When the objective self contemplates pain, it has to do so through the perspective of the sufferer, and the sufferer's reaction is very clear. Of course he wants to be rid of this pain unreflectively -not because he thinks it would be good to reduce the amount of pain in the world. But at the same time his awareness of how bad it is doesn't essentially involve the thought of it as his. The desire to be rid of the pain has only the pain as its object. This is shown by the fact that it doesn't even require the idea of oneself in order to make sense: if I lacked or lost the conception of myself as distinct from other possible or actual persons, I could still apprehend the badness of pain immediately. So when I consider it from an objective standpoint, the ego doesn't get between the pain and the objective self. My objective attitude toward pain is rightly taken over from the immediate attitude of the subject, and naturally takes the form of an evaluation of the pain itself, rather than merely a judgment of what would be reasonable for its victim to want: "This experience ought not to go on, whoever is having it." To regard pain as impersonally bad from the objective standpoint does not involve the illegitimate suppression of an essential reference to the identity of its victim. In its most primitive form, the fact that it is mine -the concept of myself- doesn't come into my perception of the badness of my pain. View from Nowhere, p.161

05 November 2004

Precis II

I finally submitted the fellowship application I've been sweating over for the past month and a half. When I returned to the precis I thought I had finished (the precis I had posted here), I realize it needed to me sexier. Here's the new version. Again, I'm curious what you think (for long comments, try using the twin site at www.dolor.blog-city.com or emailing me).
Pain is a fundamental evil. Understanding pain and its place in human life is a fundamental religious and ethical concern. From Pandora, to Job, to the Buddhists' first Noble Truth that all life is suffering, to modern secular questions about the value of life, all philosophical and religious traditions have struggled with pain's evil. From the source of our moral obligations and our understanding of what makes life good, to the role of suffering in redemption and the idea of a just god, making sense of pain is making sense of humanity. Yet, despite its central place in our understanding of ourselves and of what matters most, virtually everyone has misunderstood what pains are and therefore wherein their evil lies. I shall give a new account of both.
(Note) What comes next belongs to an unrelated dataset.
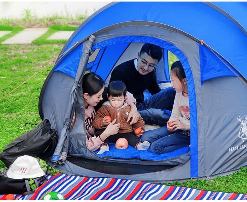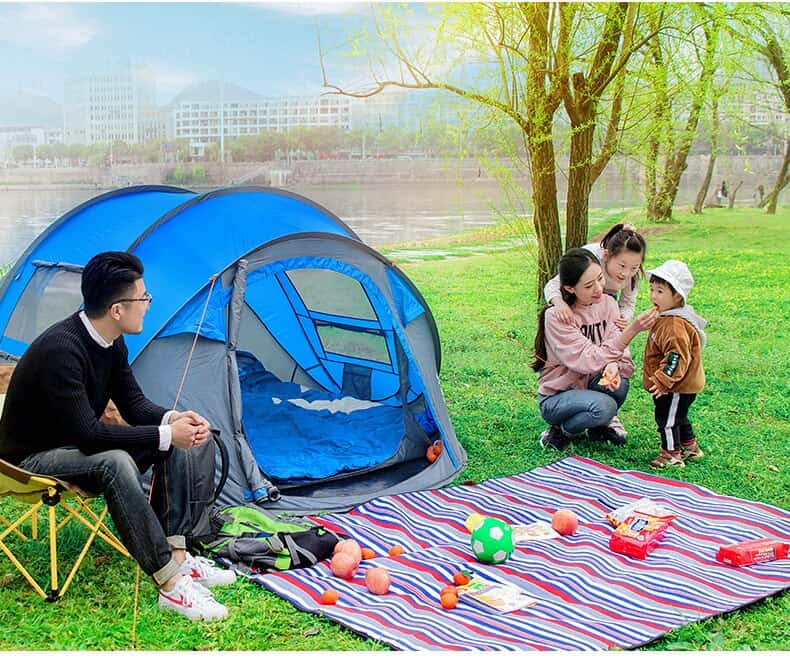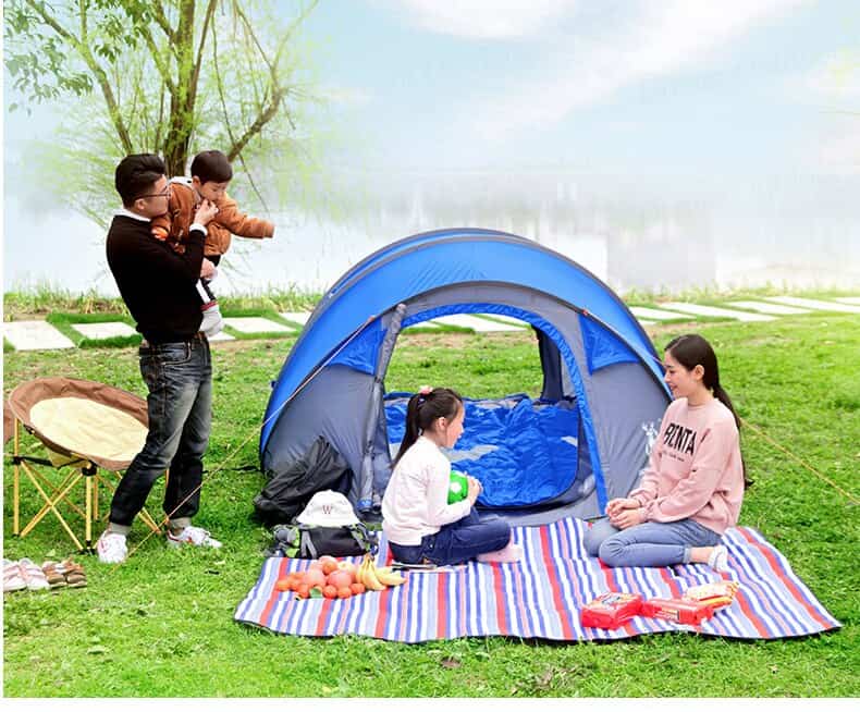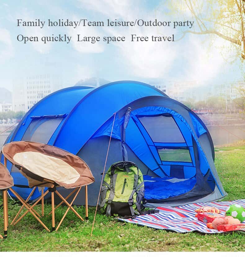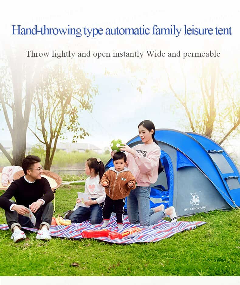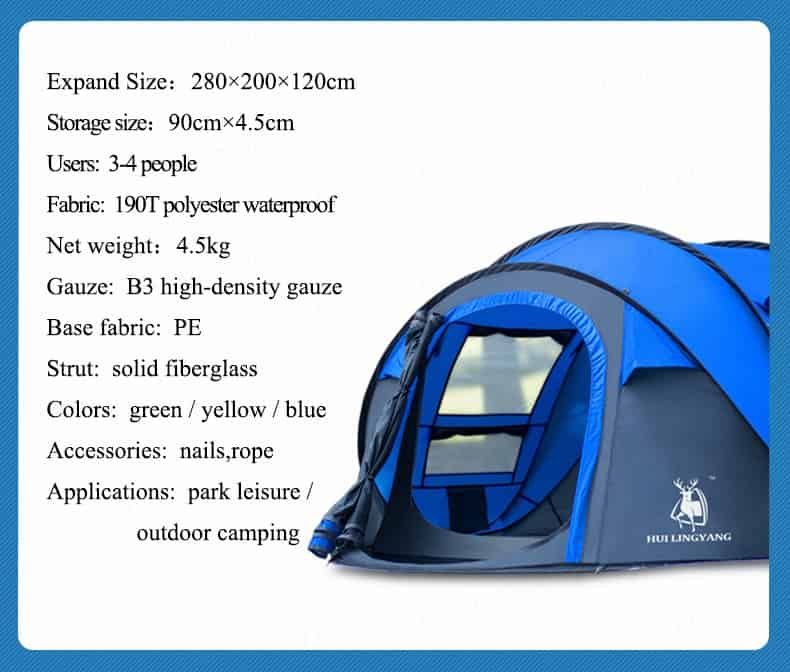 Virtually a portable chateau, this outdoor pop up tent boasts room for 4 people. Toss it lightly in the air and it instantly pops up, ready and set for camping. With waterproof bottom, breathable and wear resistant material, solid fibreglass strut, this tent provides maximum strength against the elements.

This is a dissertation on pain's intrinsic badness. It is also a dissertation on the nature and sources of value. The account I shall give yields insights into perennial philosophical questions including, inter alia, the ubiquity of reasons to alleviate other's pains; the nature of rationality; the role of subjective desire in ethics; the possibility of reducing value to natural properties; the value of autonomy; the nature of torture; and the normative significance of animals' pain.